To that end, here’s a quick guide to the 63 terms that will help you thrive in ecommerce:

0-9

301 redirect

A way to let search engines and site visitors know that a webpage moved to a new address. Customers who bookmarked your old webpage will be redirected to the new one.

A

A/B testing (or split testing)

A/B split testing is a simple process that lets you compare two versions of a webpage so you can determine the most effective strategy. You show Version A and Version B to groups of would-be customers during the same time frame to learn which approach nets the higher conversion rate.

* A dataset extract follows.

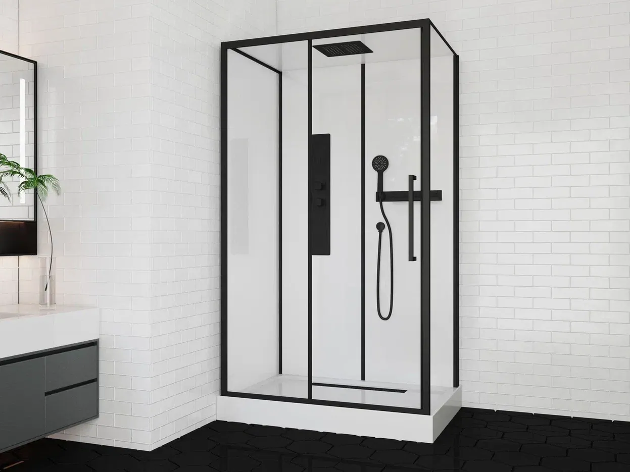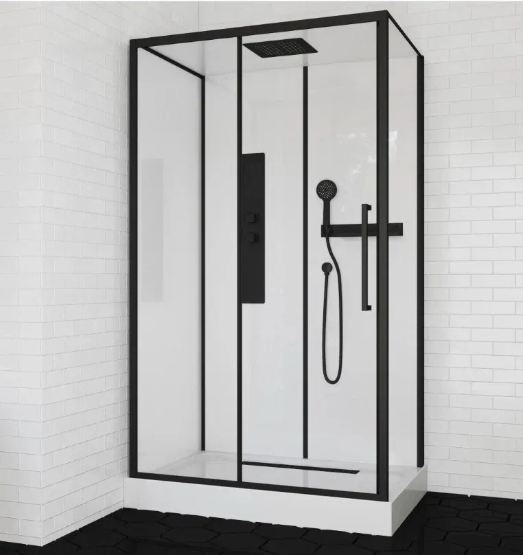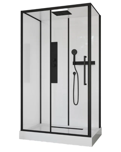 Душевая кабина AMI 120 CeruttispaРазмер (120x80x210)- Поддон из ABS-пластика, белый, высотой 12 см;- профиль - черный алюминиевый;- стекло переднее закаленное прозрачное, толщиной 6 мм;- боковое - закаленное прозрачное, толщиной 5 мм;- заднее - супер белое закаленное, толщиной 5 мм,Комплектация:- смеситель;- полка;- держатель ручного душа;- пластиковые ручки черные, в цвет профиля;- двойной верхний и одинарный нижний ролики;- сифон анти-запах в комплекте Внимание! Производитель оставляет за собой право вносить изменения в конструкцию и комплектацию моделей без предварительного уведомления!

Address verification service (AVS)

A service that credit card processors implement to verify that the billing addresses of your customers match the addresses on their credit card statements.

Affiliate marketing

A marketing strategy in which your ecommerce business partners with online publishers so that they will promote and endorse your products and send customers to your website. Typically, the affiliate receives a fee for every website visitor or sale generated from the promotion.

Assisted conversions

This Google Analytics report summarizes and ranks the importance of marketing channels in a consumer’s conversion journey. It helps you identify the channels responsible for generating leads and visits to your website so you can nurture would-be customers and convert them.

Attribution model

In Google Analytics, you want to find out which channels—direct, organic search, referral, email, paid search, other advertising, social, and display—account for your sales. Here are seven common attribution models:

  • Last interaction model: The last channel that the customer interacted with before buying receives 100% of the credit for the conversion.
  • Last nondirect click model: All direct traffic is ignored in this model, which credits 100% of the conversion to whatever interaction the customer had before making a purchase.
  • Last AdWords click model: The last AdWords ad that the customer interacted with before buying receives 100% of the credit for the conversion.
  • First interaction model: The first channel that the customer interacted with before buying receives 100% of the credit for the conversion.
  • Linear model: Every channel that the customer interacted with before converting receives an equal share of the conversion credit.
  • Time decay model: This one gives most of the credit to the channels the customer interacted with in the time nearest to the sale.
  • Position-based model: This model attributes 40% of the conversion credit to the first interaction, 40% to the last interaction, and the remaining 20% equally across any interactions that occurred between the first and last interactions.

Authorization

The process when your customer’s credit card issuer gives permission and allows a payment transaction to proceed.

Average order value

This is the typical amount that your customer spends when visiting your digital storefront. Learn how to increase your average order value here.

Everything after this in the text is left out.